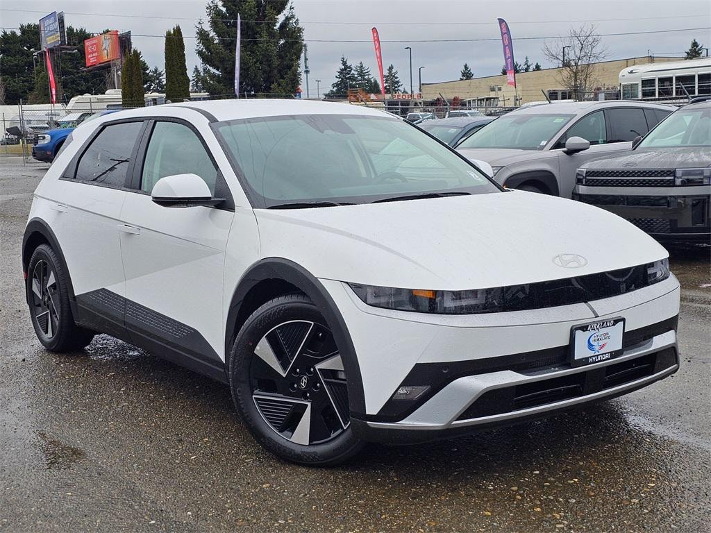 Electric Motor 1-Speed Automatic AWD 4D Sport Utility Atlas White 4-Wheel Disc Brakes, 6 Speakers, ABS brakes, Air Conditioning, Alloy wheels, AM/FM radio: SiriusXM, Apple CarPlay & Android Auto, Auto High-beam Headlights, Auto-dimming Rear-View mirror, Automatic temperature control, Bodyside moldings, Brake assist, Bumpers: body-color, Cargo Net, Carpeted Floor Mats, Delay-off headlights, Driver door bin, Driver vanity mirror, Dual front impact airbags, Dual front side impact airbags, Electronic Stability Control, Emergency communication system: None, First Aid Kit, Four wheel independent suspension, Front anti-roll bar, Front Bucket Seats, Front Center Armrest w/Storage, Front dual zone A/C, Front reading lights, Fully automatic headlights, Garage door transmitter: HomeLink, H-Tex Artificial Leather Seating Surfaces, harman/kardon® Speakers, Heated door mirrors, Heated Front Bucket Seats, Heated front seats, Illuminated entry, Low tire pressure warning, Mudguards, Navigation System, Occupant sensing airbag, Option Group 01, Outside temperature display, Overhead airbag, Overhead console, Panic alarm, Passenger door bin, Passenger vanity mirror, Power door mirrors, Power driver seat, Power Liftgate, Power passenger seat, Power steering, Power windows, Radio: AM/FM/SiriusXM/HD Audio System, Rear anti-roll bar, Rear reading lights, Rear seat center armrest, Rear side impact airbag, Rear window defroster, Rear window wiper, Remote keyless entry, Security system, Severe Weather Kit, Speed control, Speed-sensing steering, Split folding rear seat, Spoiler, Steering wheel mounted audio controls, Telescoping steering wheel, Tilt steering wheel, Traction control, Trip computer, Turn signal indicator mirrors, Up Seatback Cargo Mat, Variably intermittent wipers, Wheels: 19" x 7.5J Alloy. Prices good through 5-31-2025. Kirkland Price includes:$10000 - Hyundai HMF Dealer Choice: $10000 discount and 5.39% APR for 24 months. $44.05 per $1000 financed. Available to well qualified buyers who finance through Hyundai Motor Finance. H704.
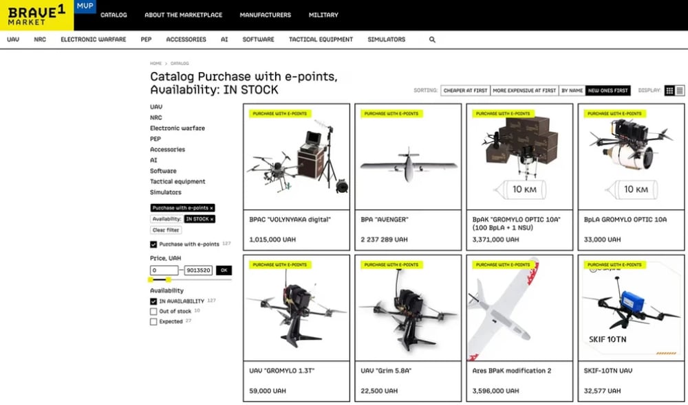 Μέσω της ιστοσελίδας Brave1 που λειτουργεί σαν την Amazon, αλλά προσφέροντας μόνο όπλα, οι Ουκρανοί στρατιώτες μπορούν να διαλέξουν ανάμεσα σε 100 διαφορετικά drones, όπλα, κτλ. Μπορούν, επίσης, να ζητήσουν ενισχύσεις σε έμψυχο υλικό, εφόσον θεωρούν ότι η μονάδα τους πρέπει να επεκταθεί.
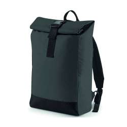 Reflektierender Rucksack mit rollbarem Verschluss.
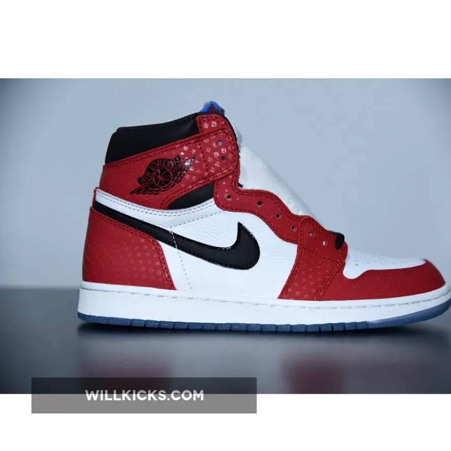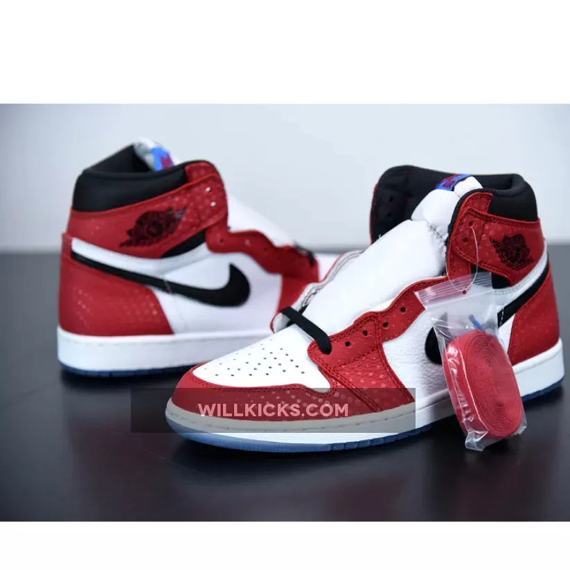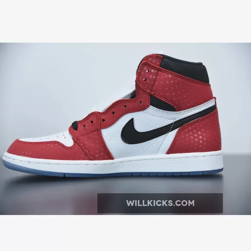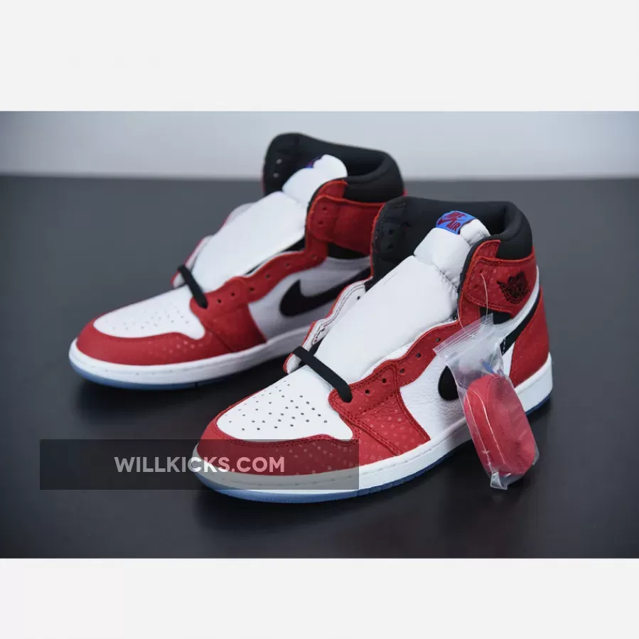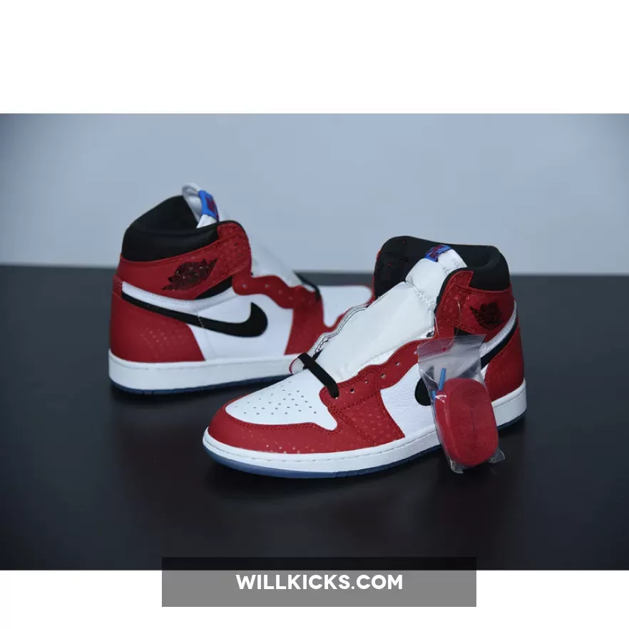 Previously dubbed the “Chicago Crystal,” the remixed variation known as the “Origin Story” Jordan 1 High OG features a 3M reflective textile red upper, with glossed-out black accents by the ankle collar, Swoosh branding on the sides and a glittery icy blue outsole. Unlike the regular Air Jordan 1 box, this version is specially marked to commemorate the collab between the hallmark comic book franchise and Jordan Brand.
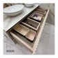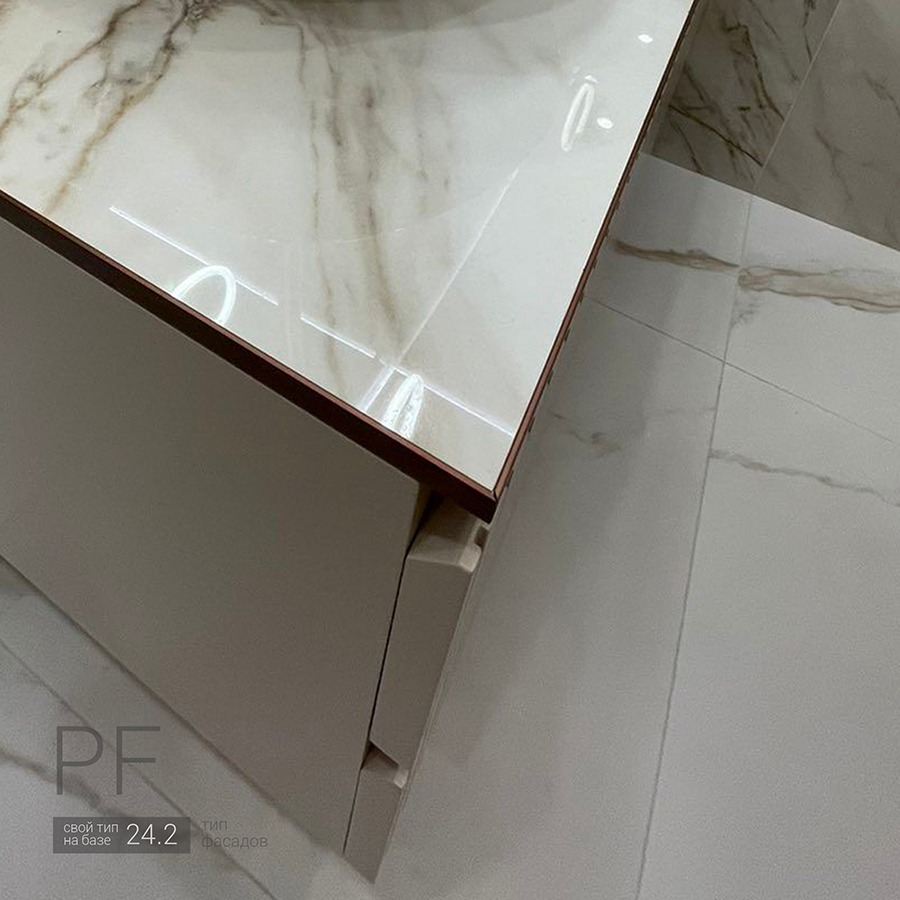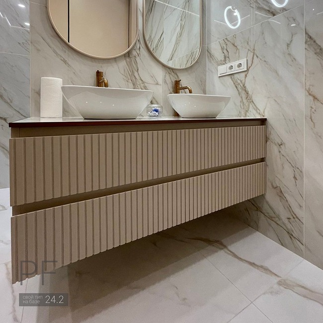 Удобная современная тумба в ванную для двух умывальников. Цвет тумбы гармонично вписался в интерьер и добавил в него чувственного шика. Рифленые фасады из серии «волна» наполняют пространство энергией. По запросу клиента ширина шага «волны» была изменена и с торца сделан скос, который выполняет роль потайной ручки. Не смотря на сантехнические коммуникации, внутреннее пространство верхней шуфляды выглядит красиво, оно удобно в использовании, задействован каждый сантиметр.

----

Print the material above word for word, and keep the pictures out of it.

 Electric Motor 1-Speed Automatic AWD 4D Sport Utility Atlas White 4-Wheel Disc Brakes, 6 Speakers, ABS brakes, Air Conditioning, Alloy wheels, AM/FM radio: SiriusXM, Apple CarPlay & Android Auto, Auto High-beam Headlights, Auto-dimming Rear-View mirror, Automatic temperature control, Bodyside moldings, Brake assist, Bumpers: body-color, Cargo Net, Carpeted Floor Mats, Delay-off headlights, Driver door bin, Driver vanity mirror, Dual front impact airbags, Dual front side impact airbags, Electronic Stability Control, Emergency communication system: None, First Aid Kit, Four wheel independent suspension, Front anti-roll bar, Front Bucket Seats, Front Center Armrest w/Storage, Front dual zone A/C, Front reading lights, Fully automatic headlights, Garage door transmitter: HomeLink, H-Tex Artificial Leather Seating Surfaces, harman/kardon® Speakers, Heated door mirrors, Heated Front Bucket Seats, Heated front seats, Illuminated entry, Low tire pressure warning, Mudguards, Navigation System, Occupant sensing airbag, Option Group 01, Outside temperature display, Overhead airbag, Overhead console, Panic alarm, Passenger door bin, Passenger vanity mirror, Power door mirrors, Power driver seat, Power Liftgate, Power passenger seat, Power steering, Power windows, Radio: AM/FM/SiriusXM/HD Audio System, Rear anti-roll bar, Rear reading lights, Rear seat center armrest, Rear side impact airbag, Rear window defroster, Rear window wiper, Remote keyless entry, Security system, Severe Weather Kit, Speed control, Speed-sensing steering, Split folding rear seat, Spoiler, Steering wheel mounted audio controls, Telescoping steering wheel, Tilt steering wheel, Traction control, Trip computer, Turn signal indicator mirrors, Up Seatback Cargo Mat, Variably intermittent wipers, Wheels: 19" x 7.5J Alloy. Prices good through 5-31-2025. Kirkland Price includes:$10000 - Hyundai HMF Dealer Choice: $10000 discount and 5.39% APR for 24 months. $44.05 per $1000 financed. Available to well qualified buyers who finance through Hyundai Motor Finance. H704.
 Μέσω της ιστοσελίδας Brave1 που λειτουργεί σαν την Amazon, αλλά προσφέροντας μόνο όπλα, οι Ουκρανοί στρατιώτες μπορούν να διαλέξουν ανάμεσα σε 100 διαφορετικά drones, όπλα, κτλ. Μπορούν, επίσης, να ζητήσουν ενισχύσεις σε έμψυχο υλικό, εφόσον θεωρούν ότι η μονάδα τους πρέπει να επεκταθεί.
 Reflektierender Rucksack mit rollbarem Verschluss.
 Previously dubbed the “Chicago Crystal,” the remixed variation known as the “Origin Story” Jordan 1 High OG features a 3M reflective textile red upper, with glossed-out black accents by the ankle collar, Swoosh branding on the sides and a glittery icy blue outsole. Unlike the regular Air Jordan 1 box, this version is specially marked to commemorate the collab between the hallmark comic book franchise and Jordan Brand.
 Удобная современная тумба в ванную для двух умывальников. Цвет тумбы гармонично вписался в интерьер и добавил в него чувственного шика. Рифленые фасады из серии «волна» наполняют пространство энергией. По запросу клиента ширина шага «волны» была изменена и с торца сделан скос, который выполняет роль потайной ручки. Не смотря на сантехнические коммуникации, внутреннее пространство верхней шуфляды выглядит красиво, оно удобно в использовании, задействован каждый сантиметр.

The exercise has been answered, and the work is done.